The standard has been kept simple, and the approach conservative due to the unfinished nature of qualified Dublin Core (to be confirmed in October 1999 at the DC Frankfurt meeting). The DC educational working group will be completing their deliberations on educational qualifiers in early 2000.
- Campus Metadata
The University’s search engine – Infoseek Ultra, supports Dublin Core metadata, enabling searchers to do more precise fielded searches, and benefiting from the additional information in the metadata. Searches performed using other search engines will benefit from the metadata only if those search engines support metadata.
The Division of Information Services encourages the use of metadata across campus. Web developers have been surveyed, and although they show strong support for the use of metadata, they cannot in all cases, commit resources to the task. Automatic metadata generation, e.g. by using the MetaWeb generator, is an option and there could be assistance to Web developers if a campus thesaurus of terms were developed. Whatever the eventual outcome, the result will probably be a hybrid model. As mentioned above, the University’s search engine supports metadata, and widespread use by Web developers should enhance more precise searching.
- National Projects
The UNSW Library is working collaboratively on several projects, which depend on metadata for their database content:
- MetaChem – a catalogue of chemistry resources (1998);
- AVEL – Australasian Virtual Engineering Library: engineering & IT gateway (1999);
- Australian Digital Theses Project (1998).
The databases of the above projects comprise metadata either created by humans in the case of the two gateways, or automatically generated (for the ADT Project).
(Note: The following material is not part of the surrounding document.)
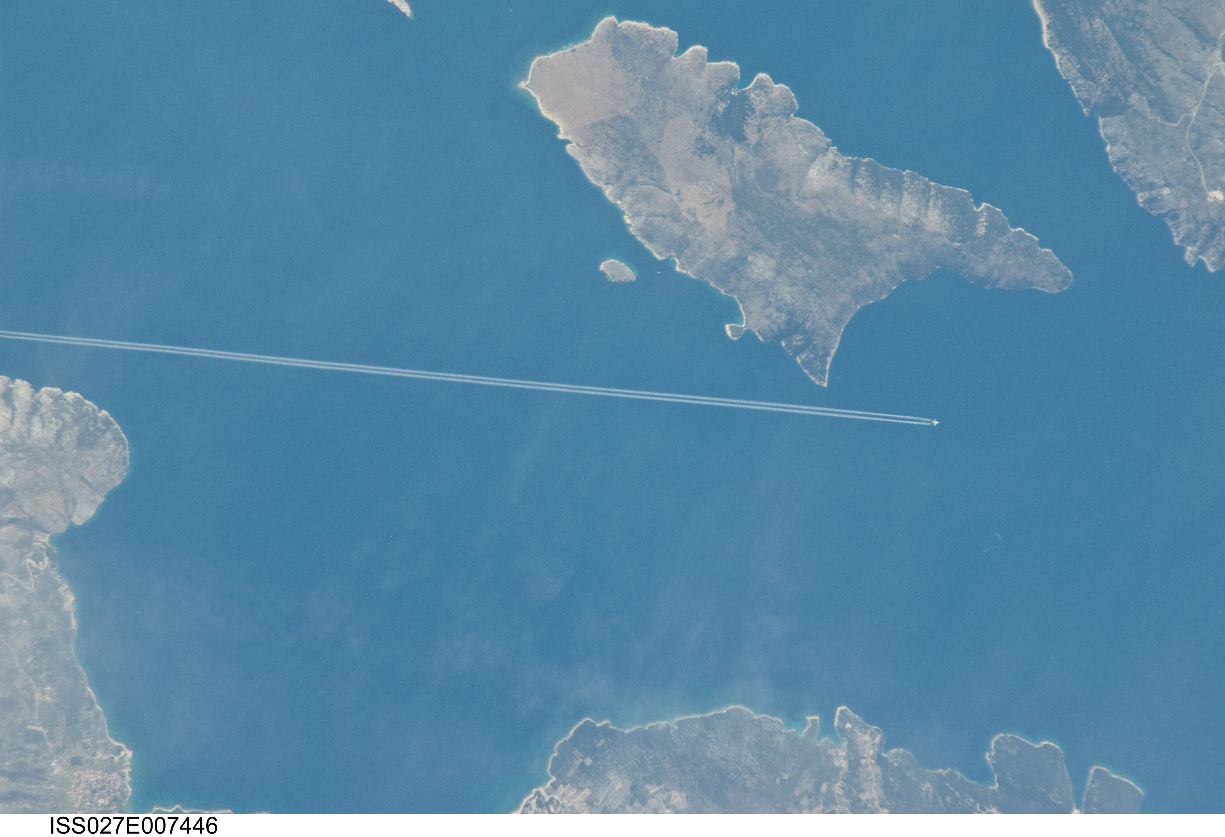 Plavnik and Mali Plavnik

The latter process is determined by specifications drawn up by the Metadata Coordinator.
All the projects use the HotMeta software developed by the Distributed Systems Technology Centre. This software fully supports the metadata used – mainly Dublin Core, with some additions from EdNA and AGLS schemas. AVEL also uses some gateway specific elements – AVEL.Publisher, AVEL.Type and AVEL.Comment and
A-Core (for metadata creator details). The DSTC metadata editors Reg and Reggie are used, allowing metadata creators to concentrate on the content without worrying about the syntax. They are also assisted by drop down menus and linked element explanations.
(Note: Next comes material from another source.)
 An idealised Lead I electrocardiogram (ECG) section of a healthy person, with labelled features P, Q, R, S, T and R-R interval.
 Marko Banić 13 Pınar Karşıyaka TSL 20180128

The metadata in all cases provides the index for searching or browsing, with users having the option to search on "All elements" or nominated elements, with or without stemming. The metadata for the projects resides in a database unlike the Library’s metadata, which is embedded in the Head section of Web pages. The embedded metadata does not appear on the Web page and is only visible when one clicks on "View" then "Source" which displays all the "behind the scenes" HTML data. The difference with the AVEL and MetaChem projects is that metadata creators are not the Web pages creators and, unless they gain permission, cannot access the Web servers for those pages. MetaChem and AVEL store the "pointer" data in separate databases. The purpose of the gateways is to aid searchers in their quest for quality resources in their subject area. The sites are thereby promoted through the inclusion of metadata records in the subject gateways.
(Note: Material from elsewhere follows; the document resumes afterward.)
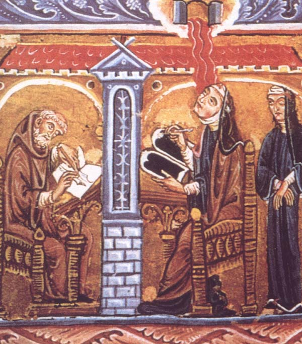 Hildegard reading and writing
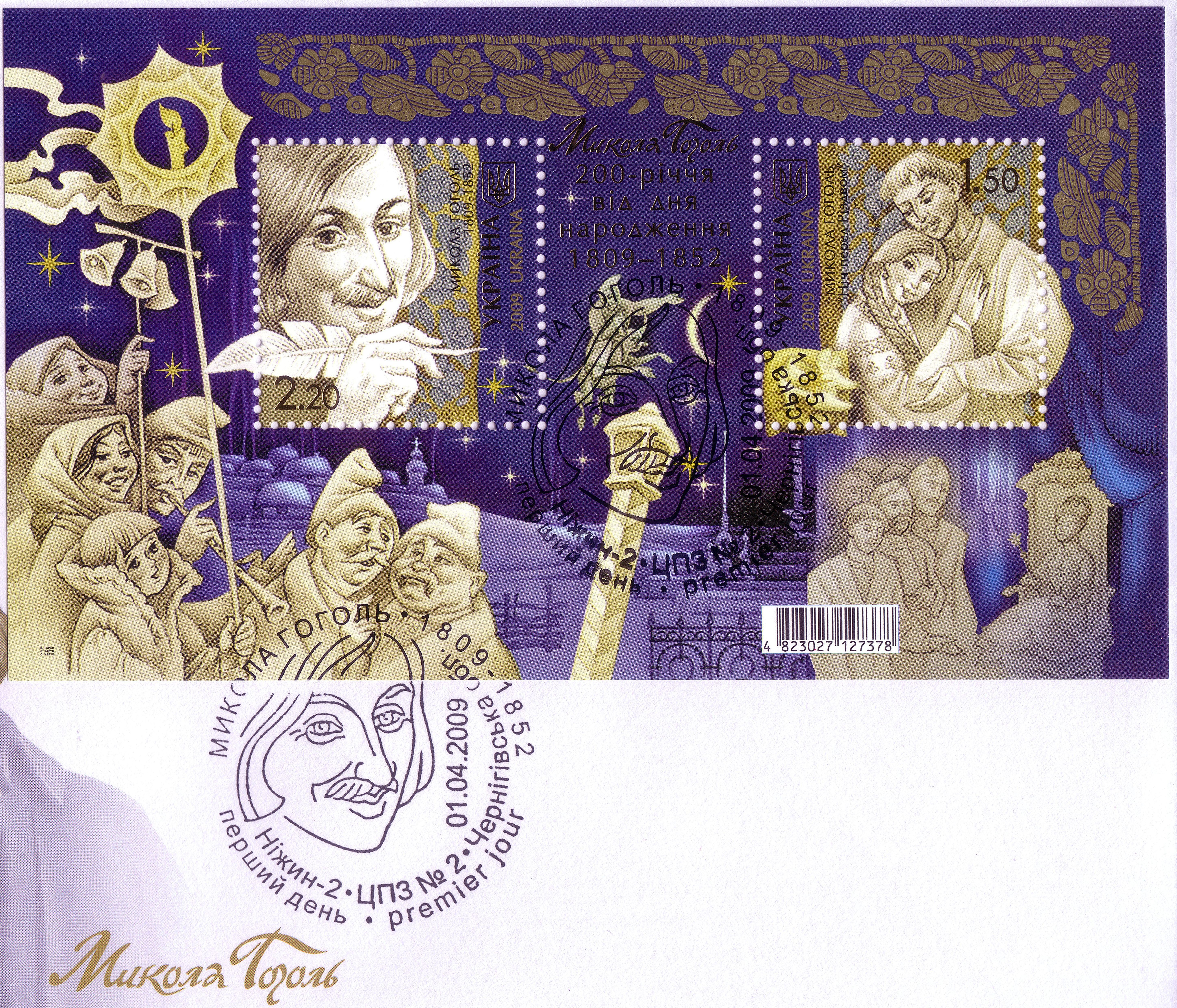 Stamps of Ukraine 200th birth anniversary of Nikolai Gogol (1809-1852), 2009

Based at the UNSW Library, the Australian Digital Theses Project aims to establish a distributed national database of digital theses from the consortium of eight participating universities. It is based on the US initiative of the Networked Digital Library of Theses and Dissertations, led by the Virginia Polytechnic Institute and State University. During the trial electronic versions volunteered by students are submitted in parallel with paper versions. In the future the trend will be toward library archival copies being in digital format only. It appears that Griffith University may be the first institution in the project to archive in electronic format exclusively. As with the subject gateways, metadata forms the basis of the database and index for searching. In this case, however, the metadata is generated automatically from student submission details. Nine elements are used – Creator, Title, Subject (keywords), Date (date approved), Rights (copyright statement), Description (Abstract), Language, Contributor (School/faculty), and Identifier (URL of thesis). The Metadata Coordinator and project leader drew up metadata specifications with assistance from the National Library’s Metadata Coordinator. Although the metadata is very simple and is limited in application, it should be sufficient to aid searchers looking for these on specific topics or by particular authors.
- Recordkeeping Metadata
The UNSW has recently purchased a new electronic recordkeeping system. Integral to its operation is metadata which will, inter alia, identify, authenticate, document use history, assist retrieval, and restrict unauthorised use. The metadata will in fact play a key role in the process of managing and preserving records in the electronic environment. Much progress has been made in the area of recordkeeping metadata standards, with the National Archives of Australia publishing "Recordkeeping Metadata Standards for Commonwealth Agencies" (1999). The latter takes into account the Australian Government Locator Service (AGLS) and SPIRT (Strategic Partnership with Industry – Research and training) metadata standards, and it conforms to Australian standard AS4390. The SPIRT project based at Monash University (1999) aims to develop a framework for standardising recordkeeping and archival metadata, and supports interoperability with the generic standards. This is one more example where metadata can assist in Web access in an environment where more records are being stored electronically.
Conclusion
The above projects illustrate how one organisation is using, or plans to use, metadata to organise and access information. While full MARC cataloguing would be inappropriate and uneconomic in these applications, metadata has filled the gap between the two extremes of full cataloguing and search engine access. It has a flexibility and simplicity which has made it attractive. This simplicity, however, brings with it a myriad of problems easily seen by those steeped in the traditions of cataloguing. Many issues remain unresolved, and metadata standards have yet to evolve to a satisfactory level, e.g. Dublin Core qualifiers have not been determined. Nevertheless I think it is safe to say that metadata does have a future.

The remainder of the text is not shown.